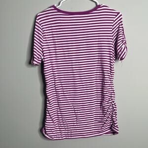 Michael Kors pink striped tee with zippered sleeves. Size large. One light stain as shown.
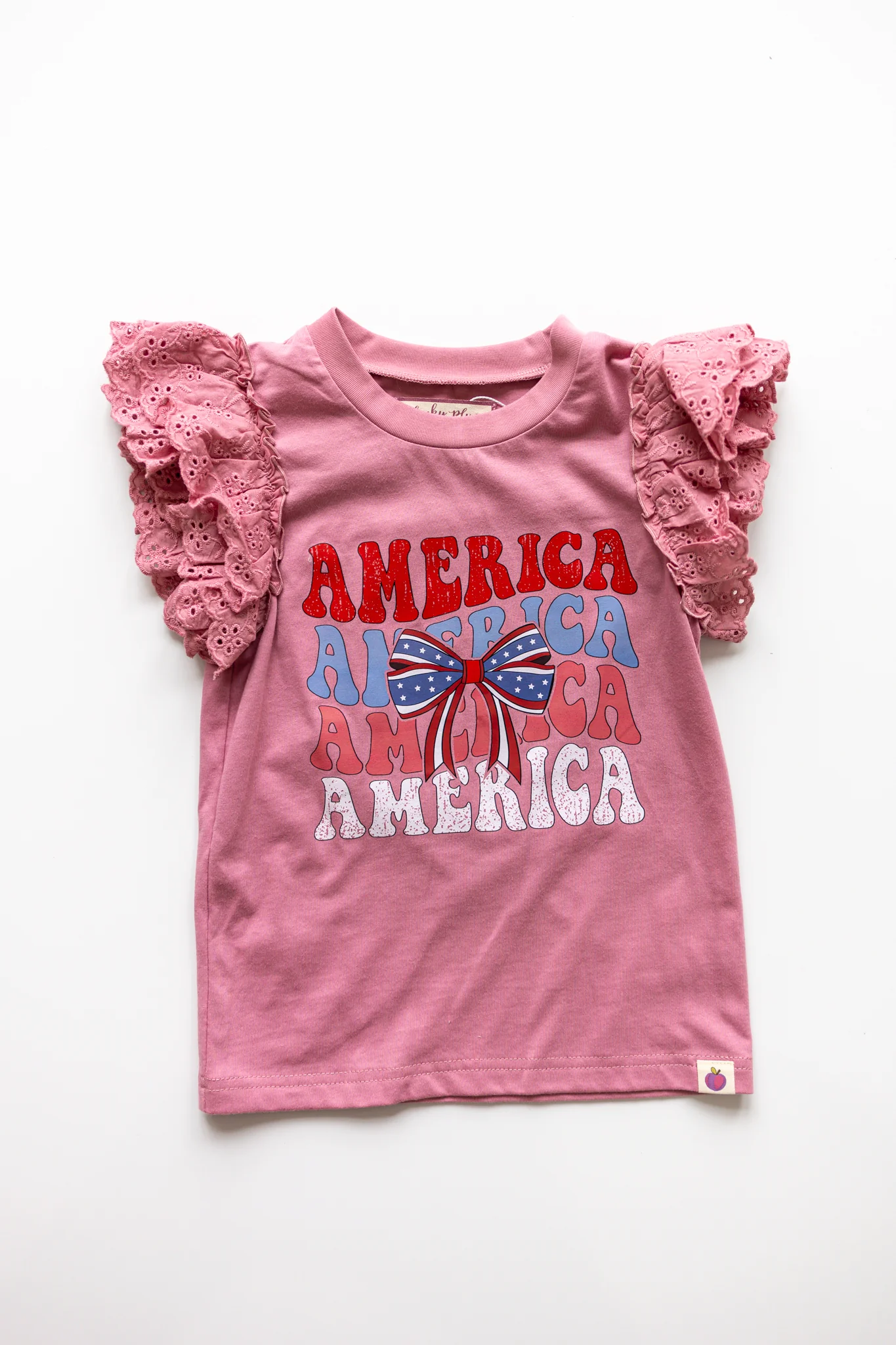 Get ready to show off your love for the USA with our Vintage Eyelet Tee - Heart of America! This adorable pink tee features eyelet ruffle sleeves and a graphic text of America with a bow print in patriotic red, white, and blue. The cutest way to express your patriotic pride!
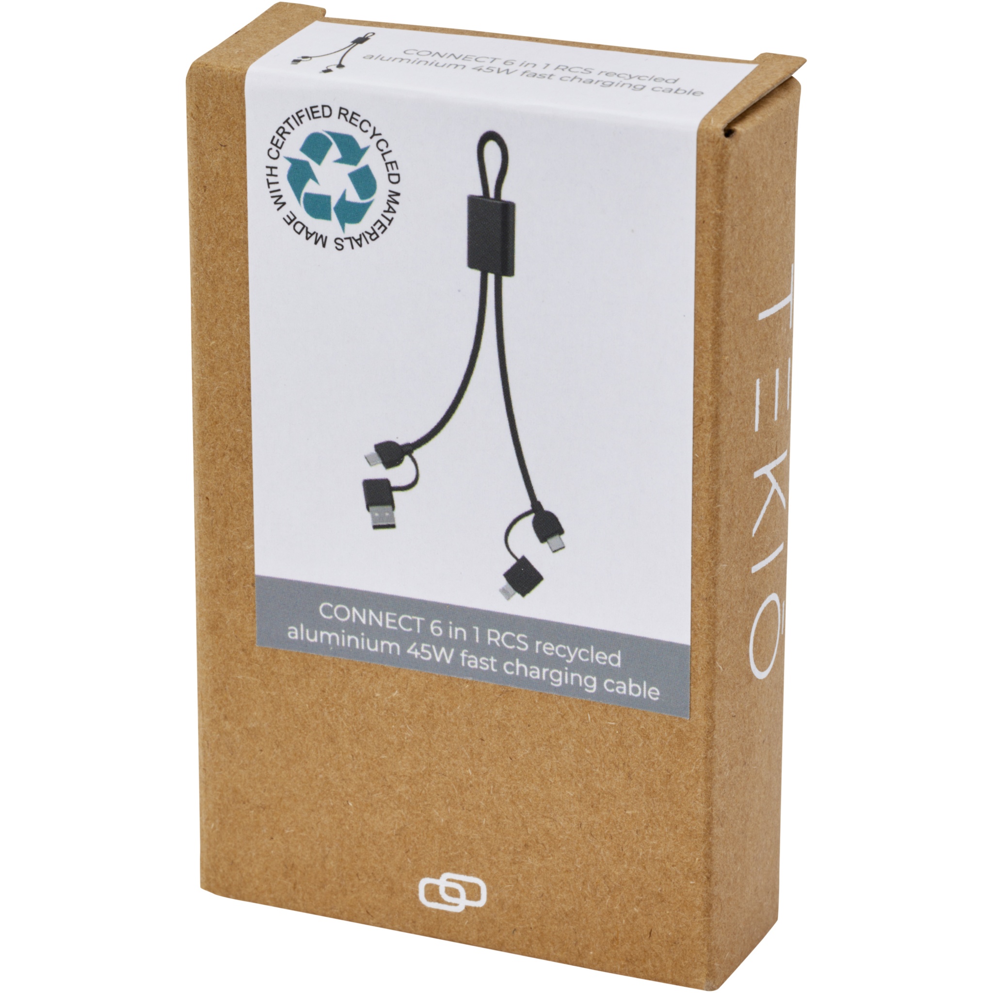 Logo trade liikelahjat mainoslahjat kuva: Connect 6-in-1 pikalataus- ja datasiirtokaapeli 45 W RCS-kierrätetystä alumiinista

» Task item
Every line above is to be written out unchanged, with the pictures omitted.

» Solution to this problem
 Michael Kors pink striped tee with zippered sleeves. Size large. One light stain as shown.
 Get ready to show off your love for the USA with our Vintage Eyelet Tee - Heart of America! This adorable pink tee features eyelet ruffle sleeves and a graphic text of America with a bow print in patriotic red, white, and blue. The cutest way to express your patriotic pride!
 Logo trade liikelahjat mainoslahjat kuva: Connect 6-in-1 pikalataus- ja datasiirtokaapeli 45 W RCS-kierrätetystä alumiinista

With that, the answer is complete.